Pakistan Leads the World in Low Cost Texting
The main driver for growth of texting in Pakistan has been its low cost compared with voice calls, a key reason for many users, including illiterate phone users, to be attracted to using text messages to communicate, according to a study done by Alex Gilchrist and Jim Linton Williams of the UK-based Popular Policy Engagement Lab. They start by asking literate relatives and friends to read text messages to them, and sometimes ask them to type messages for them as well. Gradually, they also learn to read and type text messages themselves.
A recent Brookings Institution paper titled A New Face of Education: Bringing Technology into the Classroom in the Developing World compared the effective use of cell phone text messaging in Pakistani schools with the failure of One-Laptop-Per Child (OLPC) scheme in Peruvian schools. It highlights Mobilink-UNESCO program to using text messaging increase literacy skills among rural girls in Pakistan. Each girl in the program uses her mobile phone to send an SMS message in Urdu to her teacher. After sending, she receives messages from her teacher in response, which she copies by hand in her notebook to practice her writing skills. Here's how Brookings paper describes the results:
"Initial outcomes look positive; after four months, the percentage of girls who achieved an A level on literacy examinations increased from 27 percent to 54 percent. Likewise, the percentage of girls who achieved a C level on examinations decreased from 52 percent to 15 percent. The power of mobile phone technology, which is fairly widespread in Pakistan, appears in this case to help hurdle several education barriers by finding new ways to support learning for rural girls in insecure areas—girls who usually have limited opportunities to attend school and who frequently do not receive individual attention when they do. Often they live in households with very few books or other materials to help them retain over summer vacation what they learned during the school year."
The Brookings report compares the use of low-cost, simple and ubiquitous cell phone technology for education in Pakistan with the deployment of relatively more expensive, more complicated and much less ubiquitous laptops to educate children as part of One-Laptop-Per-Child program in Peru. Here's how Brookings paper describes it:
"In Peru, a number of colorful laptops sit in a corner of a classroom covered with dust. Given to the school through a One Laptop Per Child program arranged by the Ministry of Education, the laptops were intended to improve students’ information communication technology (ICT) skills, as well as their content-related skills. Without the proper support for teacher training in how the laptops are used, with no follow-up or repair and maintenance contingencies, and with outdated and bug-infested software, the laptops are seen as unusable and serve little purpose. In this case, technology has not helped improve the educational experience of learners."

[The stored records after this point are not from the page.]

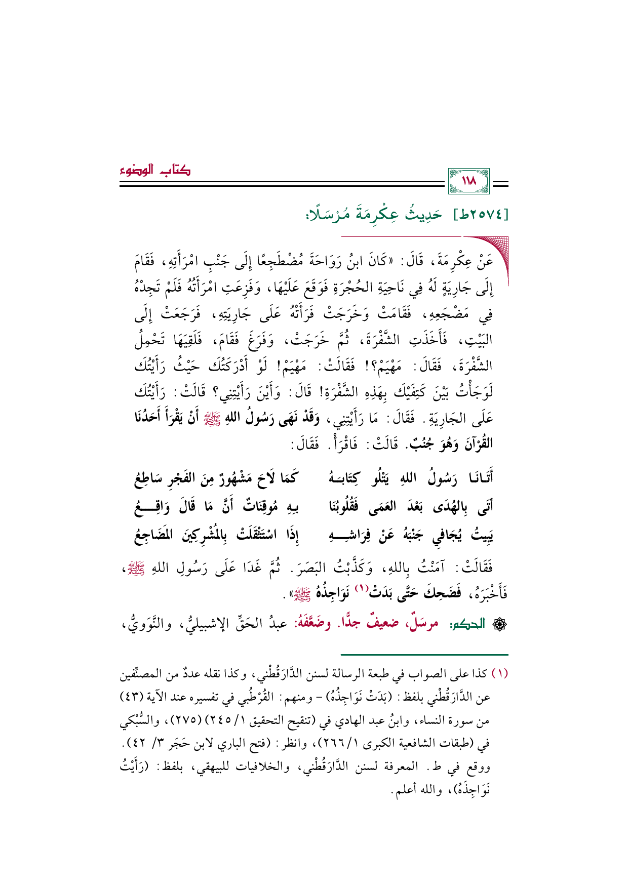 (¬١) كذا على الصواب في طبعة الرسالة لسنن الدَّارَقُطْني، وكذا نقله عددٌ من المصنِّفين عن الدَّارَقُطْني بلفظ: (بَدَتْ نَوَاجِذُهُ) -ومنهم: القُرْطُبي في تفسيره عند الآية (٤٣) من سورة النساء، وابنُ عبد الهادي في (تنقيح التحقيق ١/ ٢٤٥) (٢٧٥)، والسُّبْكي في (طبقات الشافعية الكبرى ١/ ٢٦٦)، وانظر: (فتح الباري لابن حَجَر ٣/ ٤٢). ووقع في ط. المعرفة لسنن الدَّارَقُطْني، والخلافيات للبيهقي، بلفظ: (رَأَيْتُ نَوَاجِذَهُ)، والله أعلم.
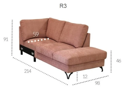 - Głębokość siedziska: 59 cm
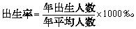 34、出生率(又称粗出生率) 指在一定时期内(通常为一年)一定地区的出生人数与同期内平均人数(或期中人数)之比,用千分率表示。本资料中的出生率指年出生率,其计算公式为: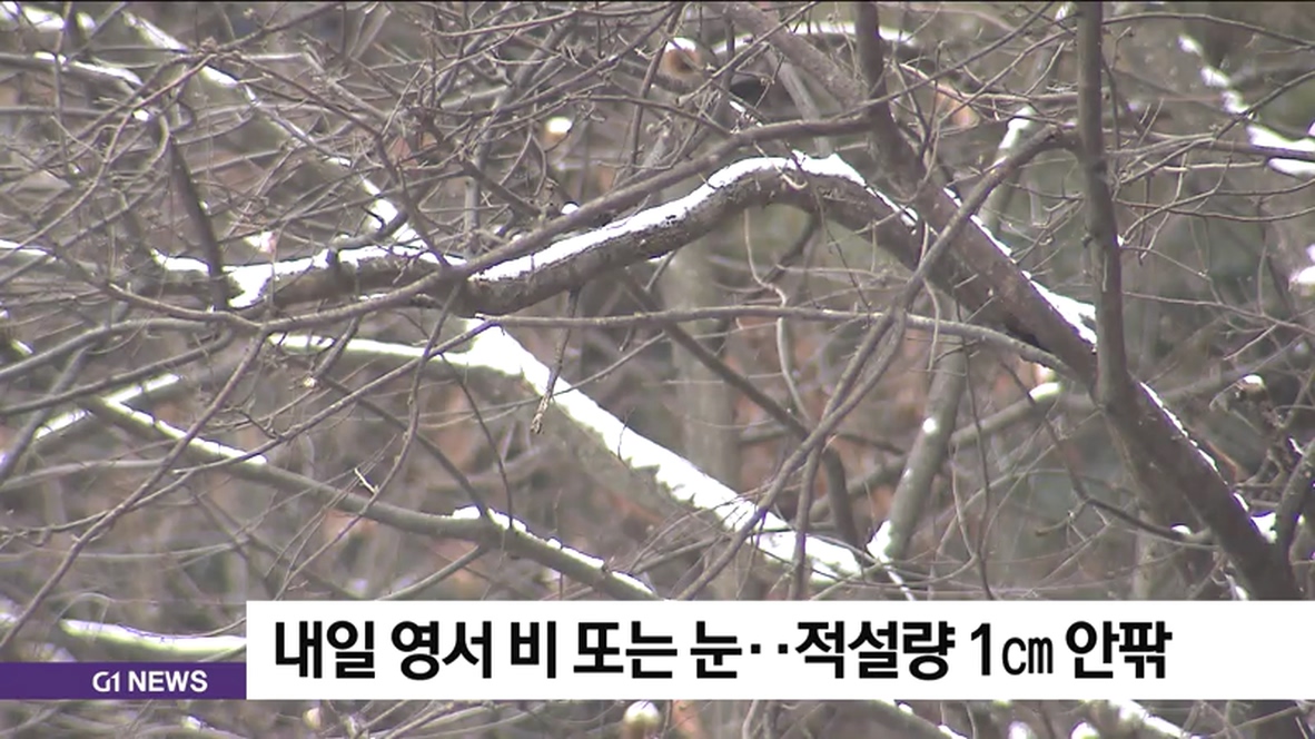 철원과 화천 등 영서 북부지역에 1cm 안팎의 눈이 내리겠고, 비는 5mm 정도가 내리겠습니다.

Mobile communications service provider Mobilink has recently partnered up with the United Nations Population Fund (UNFPA), Pakistan's Ministry of Health (MoH) and GSMA Development Fund in an innovative pilot project which offers low cost mobile handsets and shared access to voice (PCOs) to Lady Health Workers delivering community-based health care in remote parts of the country. Mobilink hopes to bridge the communication gap between the LHW and their ability to access emergency health care and to help the worker earn extra income through the Mobilink PCO (Public Call Office).
A recent study of the use of cell phones found that mobile phones are enabling low cost access to community members across class, linguistic and geographical boundaries to build and strengthen a strong civil society across the nation. They are an effective tool for educators, community organizers, NGOs, health care providers, social and political activists and businessmen to communicate with a large cross section of people in Pakistan, as well as to learn from them, and even collaborate with them. Here are some interesting highlights of the Gilchrist-Williams study which focuses on it:
1. 37 percent of the poorest 60 percent of Pakistan’s adults owned a mobile phone; that the majority had regular access to a mobile phone despite not owning one; and that 47 percent of phone-owners used SMS.
2. Just as many women as men have access to a mobile phone through one means or another – but that whereas men tend to own a phone, or to use the phone of a friend or of a Public Call Office, women tend to use a phone owned by an adult male family member.
3. Viral text messaging is widespread in Pakistan. The remarkably low cost of text messages in Pakistan allows this one-to-one viral transmission to achieve quite considerable scale. Jokes, proverbs, quotations, news and religious injunctions are all frequently forwarded, and are often adapted by users with unpredictable effect.
Deployment of simple, cheap and ubiquitous mobile phone technology and related services are helping Pakistan develop in ways that could not have been imagined just a few years ago. While there are some reported instances of the abuse of mobile phones by criminals and terrorists to harm people, I believe the net result has been that it is empowering individuals and society to become better educated, healthier, more informed and more productive to build a better Pakistan.